In 2012, the city of Fort Worth created a tax increment financing district for Trinity Lakes, a proposed mixed-use transit-oriented development adjacent to the Trinity Railway Express commuter rail service. A TRE station was proposed for the development, and it was speculated as a potential replacement for Richland Hills station as early as 2015.

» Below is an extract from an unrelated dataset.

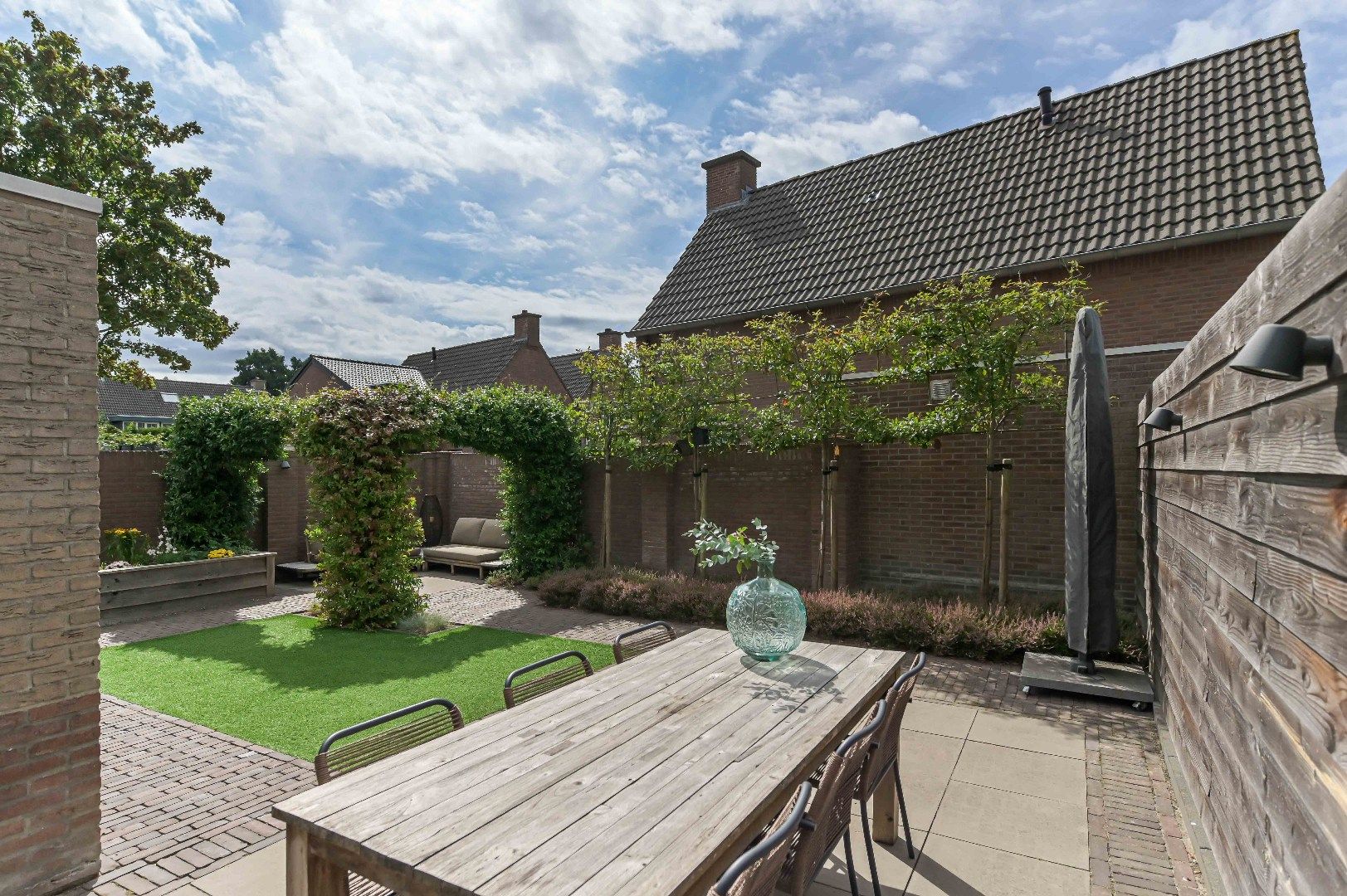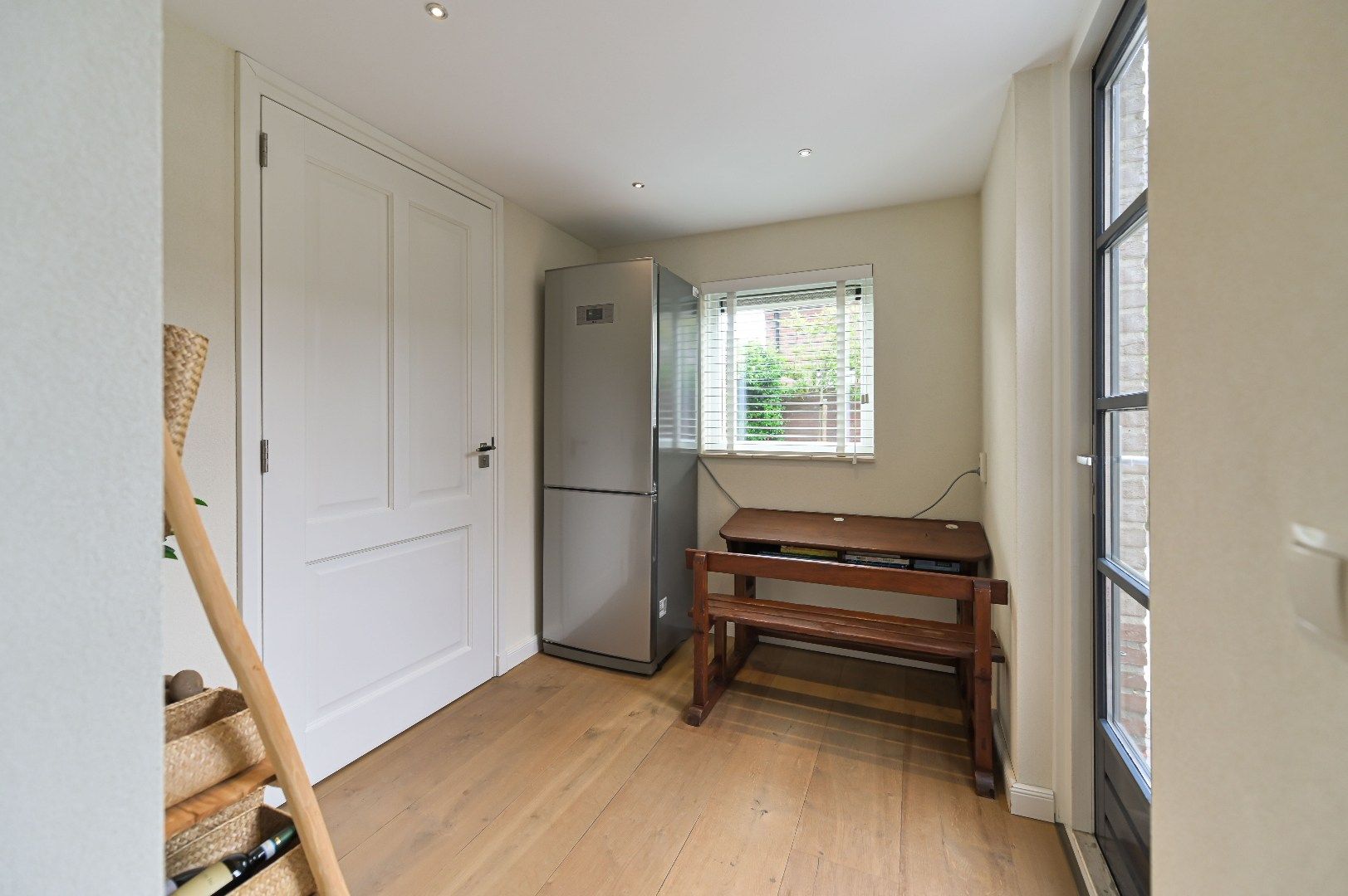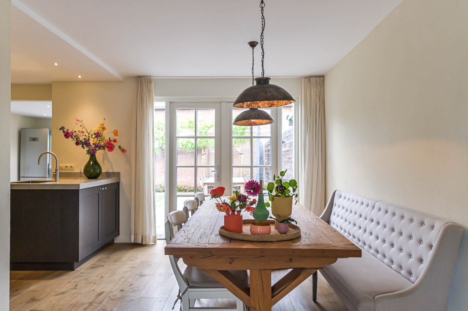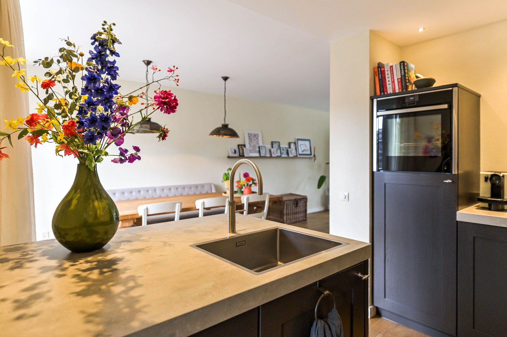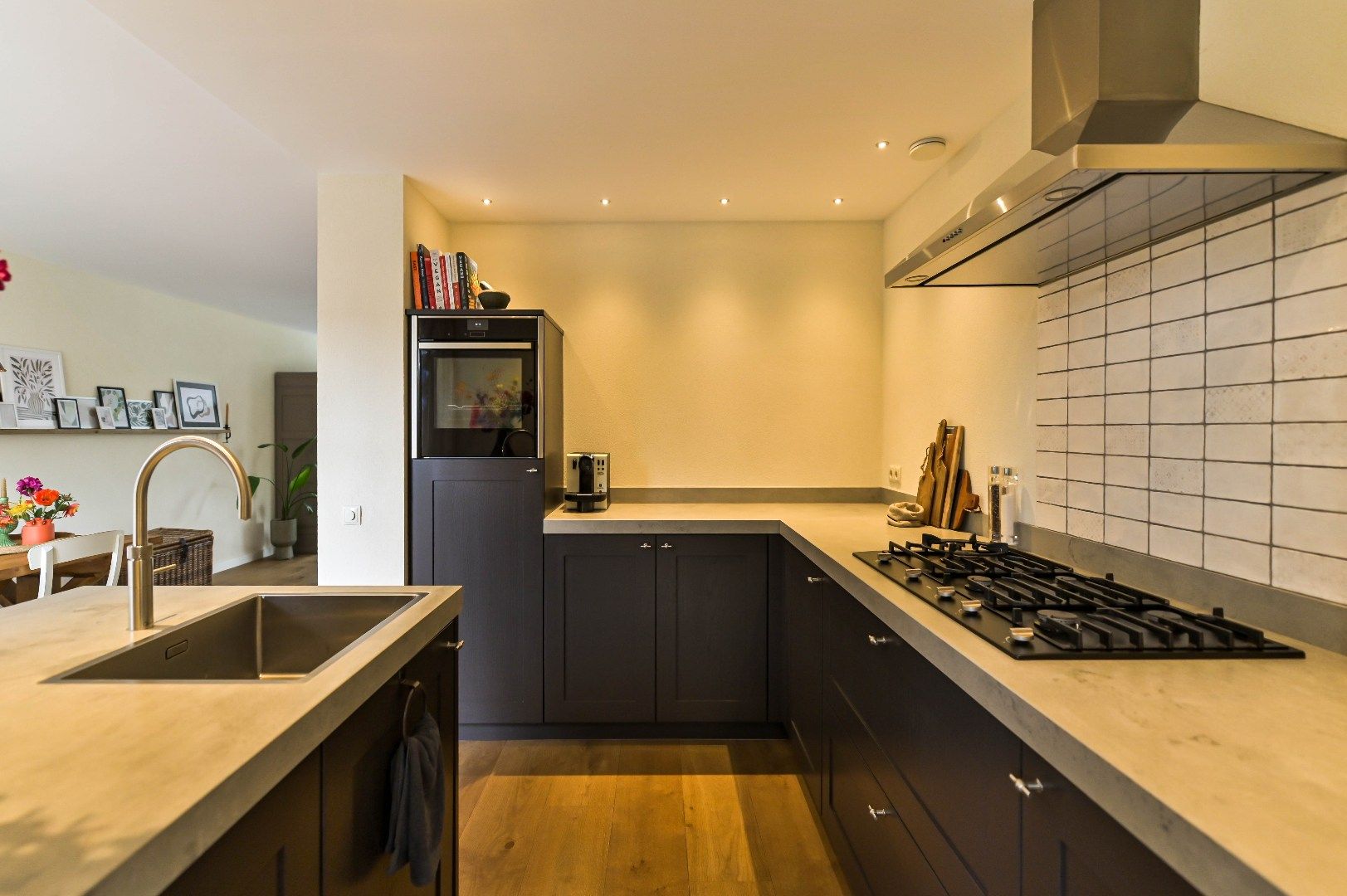 De luxe leefkeuken met schiereiland is een echte blikvanger. Met een keramiek werkblad en hoogwaardige apparatuur, zoals een Quooker, combi-/stoomoven, 5-pits gaskookplaat met wokbrander, koelkast en vaatwasser. Grenzend aan de keuken ligt een praktische bijkeuken (ca. 5m2) en de inpandig bereikbare garage (ca. 17m2) met kantelpoort. De gehele begane grond (m.u.v. de garage) is voorzien van comfortabele vloerverwarming en gestucte plafonds en wanden. De zonnige, onderhoudsvriendelijke achtertuin op het zuiden is fraai aangelegd en biedt dankzij de hoekligging veel privacy. De vrije achterom maakt de tuin praktisch en gemakkelijk bereikbaar. Aan de voorzijde ligt een royale oprit op eigen terrein.

Formal plans for a station at Trinity Lakes began in 2018, with Richland Hills initially slated for closure in 2020. The decision to close Richland Hills station was also due in part to the city of Richland Hills choosing to discontinue public transport services with Trinity Metro. Regardless, the location of the station was also selected in part due to its proximity to Richland Hills. Following delays, construction on the Trinity Lakes station began in February 2023, with Trinity Railway Express implementing temporary service changes on February 13, 2023, and Trinity Metro on its route 23 on February 27, 2023, to accommodate for the construction. Construction on the station, which was entirely federally funded, cost $26.7 million, which sits atop the site of a former sand and gravel mine. Richland Hills station would close on February 17, 2024, two days before the opening of Trinity Lakes station, which opened on February 19, 2024.

Both of the bus routes that served Richland Hills were moved to Trinity Lakes. Later that year, route 23, which offered non-stop service to Tarrant County College Northeast Campus, was replaced by an on-demand service serving the campus.